When smoke gets in your eyes this summer, your thoughts are probably turning to wildfires. Wildfires are on nearly everyone’s mind these days in the Pacific Northwest because of the smoky haze and poor air quality that is blanketing our area. This August is similar to August 2017, and so you might wonder—why is this happening and is it going to continue? Those are the questions many reporters have been asking Dan Jaffe in the last few weeks.

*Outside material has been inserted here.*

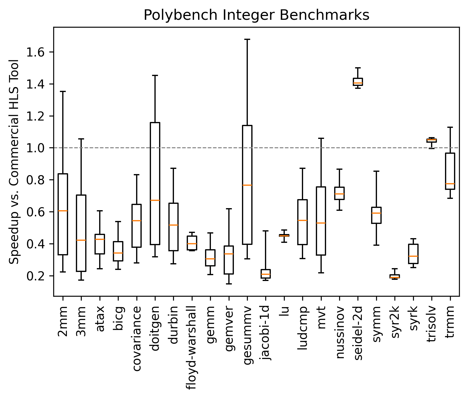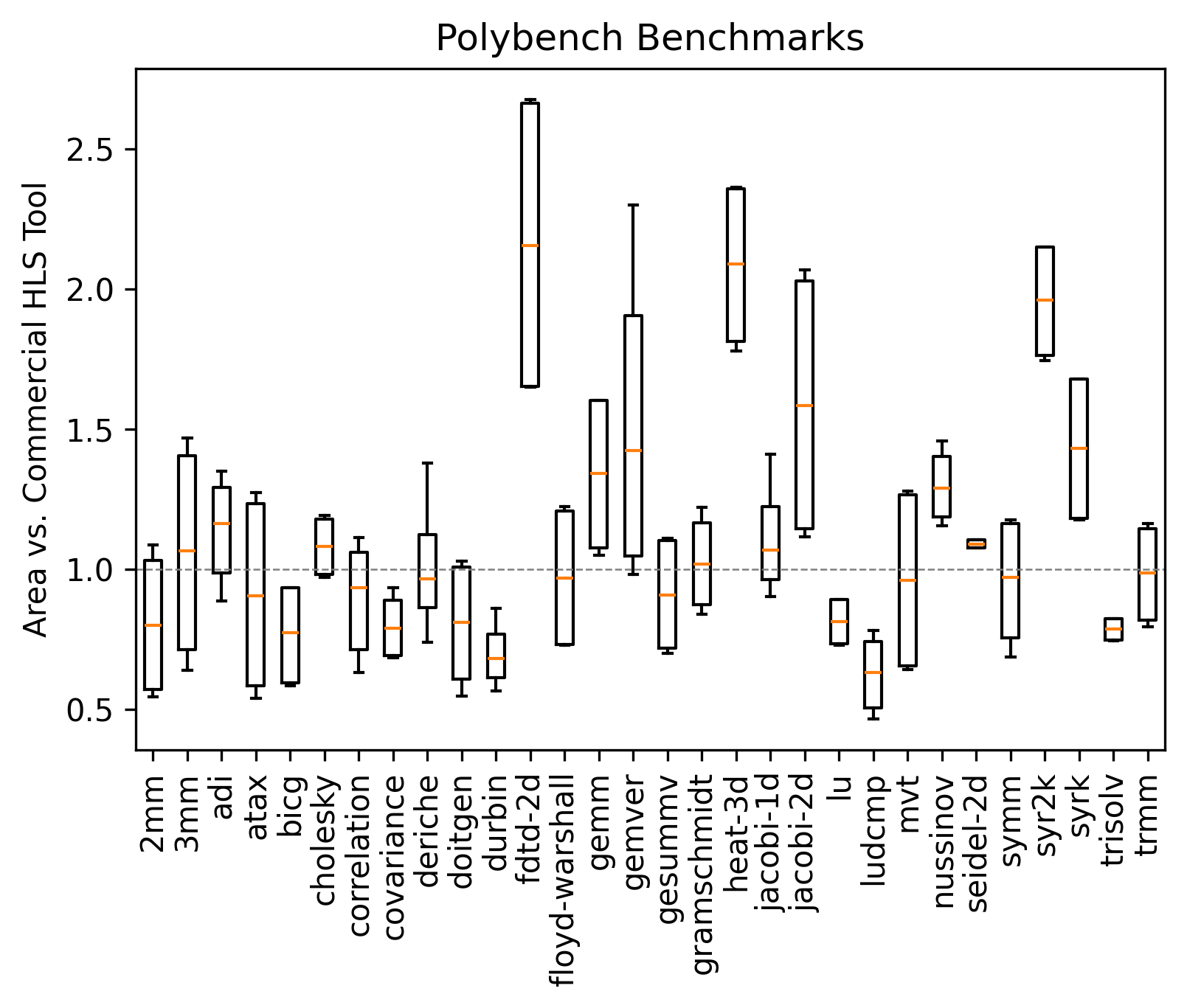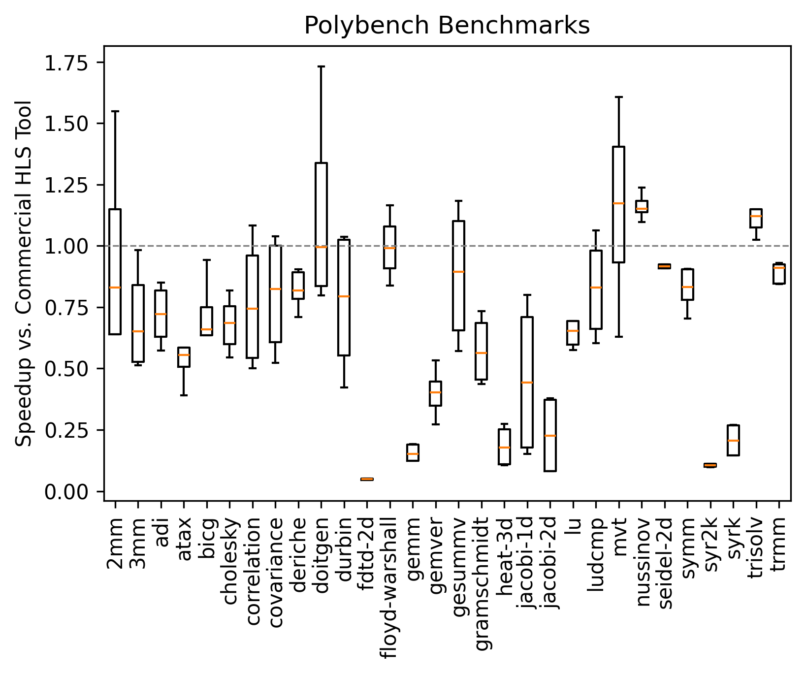 We evaluate accelerators generated by Bambu on the standard benchmark suite PolyBench:

A new paper by group members Crystal McClure and Dan Jaffe published in the Proceedings of the National Academy of Science addresses these questions. This research highlights the dramatic gains in air quality that have taken place in the last few decades around the country except in the Northwest. In this region, the 98th percentile of daily fine particulate matter (PM2.5), or in other words the seven worst air quality days each year, is getting worse. Around the US, there have been improvements in air quality from reduced power plant, industry, and automobile emissions, but in the Northwest, those reductions are outweighed by the emissions from wildfires. Learn more about this paper.

The indications are that the wildfire season will continue to get worse in the Northwest. Forest management practices and meteorological factors such as increased spring and summer temperatures, earlier snowmelt, and dryer forest conditions contribute to the current situation. “We want to be careful not to put it all on climate change, but climate change is clearly a contributing factor, and particularly in the size of these fires,” Dan Jaffe told E&E News. “A fire that used to become a small fire has now become a massive conflagration.” We will see more high fire years and, in general, longer fire seasons and bigger fires.

The increase in wildfires and smoky conditions causes adverse health effects. Wildfires are a major source of fine particulate matter, which is small enough to be inhaled deeply into the lungs. The health impacts of breathing smoke can be significant, especially for children, the elderly, and people with pulmonary, cardiovascular, and other chronic conditions.